Unfortunately, Ellen not only has the full time job of wrangling her nutty sisters, she becomes the target of her blackmailing nephew Albert Feather, played with a dash of charming malevolence by Louis Hayward. ( And Then There Were None 1945, Ruthless 1958, House By The River, Night Gallery: Certain Shadows on The Wall.)

The film is moody, macabre, theatrical, with a musty air of Gothic as Leonora’s remains lay hidden in the coal bin behind the bricks, near the grand piano where she once boisterously sang Tit -Willow from The Mikado

The atmosphere stays closed in, as all three sisters flit about exposing their disconnection to reality. Evelyn Keyes is Lucy the house maid who brings a bit of naivete to the atmosphere as she too falls prey to Albert the ‘charming rogue” who gets her to participate unwittingly in his ruthless scheme of blackmail.

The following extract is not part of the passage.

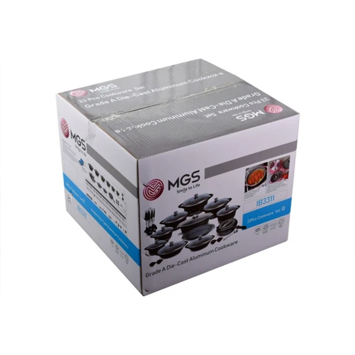 سرویس قابلمه 33 پارچه MGS طرح ایتالیا B شامل قابلمه سایز 36، سایز 32، سایز 28، سایز 24، سایز 20، سایز 16، تابه دو دسته سایز 28، تابه رژیمی سایز 28، مرغ پز 3 تکه، 7 عدد کفگیر و ملاقه، 4 عدد دستگیره و پیشبند می باشد.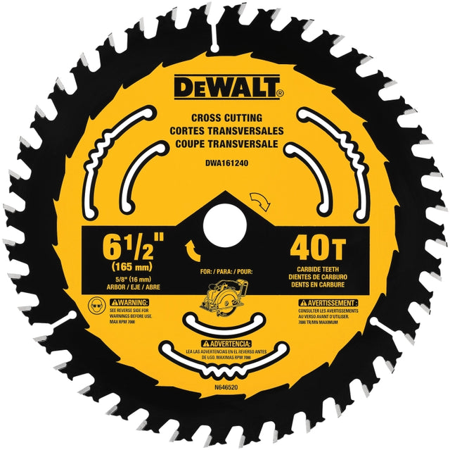 DEWALT DWA261240 Circular Saw Blade, 6-1/2 in Dia, 5/8 in Arbor, 40-Teeth, Tungsten Carbide Cutting Edge

A quiet and delicately creepy hybrid of the old dark house sub genre of horror, mixed with suspenseful psychological thriller as it whimsically touches on the subject of mental illness and the darker sides of human nature.
The brooding Lanchester and the chattering, guileless Barrett (I Walked With A Zombie, The Ghost Ship, Jane Eyre all 1943) are wonderful as the one who is intense and a compulsive collector, to the one who is as fay as an aged wood sprite, wide eyed and childlike.
In contrast to the flightiness of her two sisters, the tightly coiled Lupino is beautiful and menacing as she anguishes over the fate of the peculiar pair who act more like undisciplined children, and less the blatant lunatics.
It’s the subtle intrusions of reality that impinge on the character’s terminal state of fantasy,which brings out the self-centered, insulated psyches of the two sisters. This creates the environment of insanity, and while they cause the situation to ignite a criminal conspiracy because of their unchallenged instability they are essentially harmless ultimately exposing Ellen as the most dangerous and cunning in the family.

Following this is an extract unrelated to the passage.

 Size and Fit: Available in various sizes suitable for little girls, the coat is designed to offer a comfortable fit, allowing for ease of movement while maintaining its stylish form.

Albert charms his way into Leonora’s home and heart!

Louisa Creed: I hate the dark. It frightens me.
Sister Theresa: It shouldn’t, my dear. Don’t you believe we’re watched over?
Louisa Creed: Oh yes. But I’m never quite sure who’s watching us.

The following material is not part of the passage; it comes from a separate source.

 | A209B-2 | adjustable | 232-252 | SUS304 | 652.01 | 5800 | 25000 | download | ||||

Ida Lupino on the set of Ladies in Retirement 1941

There are thousands of films as fabulous as this in my collection, this is just one of them!-MonsterGIrl

5 thoughts on “From The Vault: Ladies in Retirement (1941)

  1. Joey, by sheer happenstance, I happened to read two blogposts focusing on seriously unbalanced people, and I don’t mean acrobats! The first was LEAVE HER TO HEAVEN over at COMET OVER HOLLYWOOD, and the next was your brilliant review of LADIES IN RETIREMENT! (I’ve also known real people with serious issues, sadly, but I won’t bore you with the details.) Never saw THE MAD ROOM, but I saw most of LADIES…, and it was chilling and poignant, and so was your excellent review! Is the world trying to tell us something? Yeah, probably just “Wow, what gobsmackingly good suspense movies!” :-)

    P.S.: Maybe I’m getting addled, but I can’t seem to find the second half of your terrific CURSE OF THE CAT PEOPLE blogpost. Am I looking in the wrong place? Please let me know; thanks, pal!

    1. http://monstergirl.wordpress.com/2012/10/24/val-lewtons-curse-of-the-cat-people-1944-god-should-use-a-rose-amber-spot-seeing-the-darkness-thru-the-fearing-child-and-the-monstrous-feminine-part-ii/

      Dori I’ve got stories of madness in my life, even in my family. It inspires the sympathy in me. We’ll talk sometime and exchange horror stories. Thanks so much for the comment about Ladies in Retirement, It’s a special film and I’m such a fan of Lupino, Lanchester and Barrett. The Mad Room, is quite a more brutal and trashy version from the 70s. I love it especially because Shelley Winters is one of my favs…I was thinking of watching Leave Her To Heaven, isn’t it Gene Tierney who is bonkers in that? Saw it a long time ago. You also inspired me to watch Mirage which I’m gonna watch in the next few days….! Hope you’re doing well. It’s always great to see you here….! Pal Joey

  2. Dude I love your freaking blog ! I have to say……a cinephile pal turned me on to it and I am hooked to your posts. There is so much that is wonderful about it that I can’t even muster the words because I’m on the clock at work, but I would like to at some point :) Thank you !!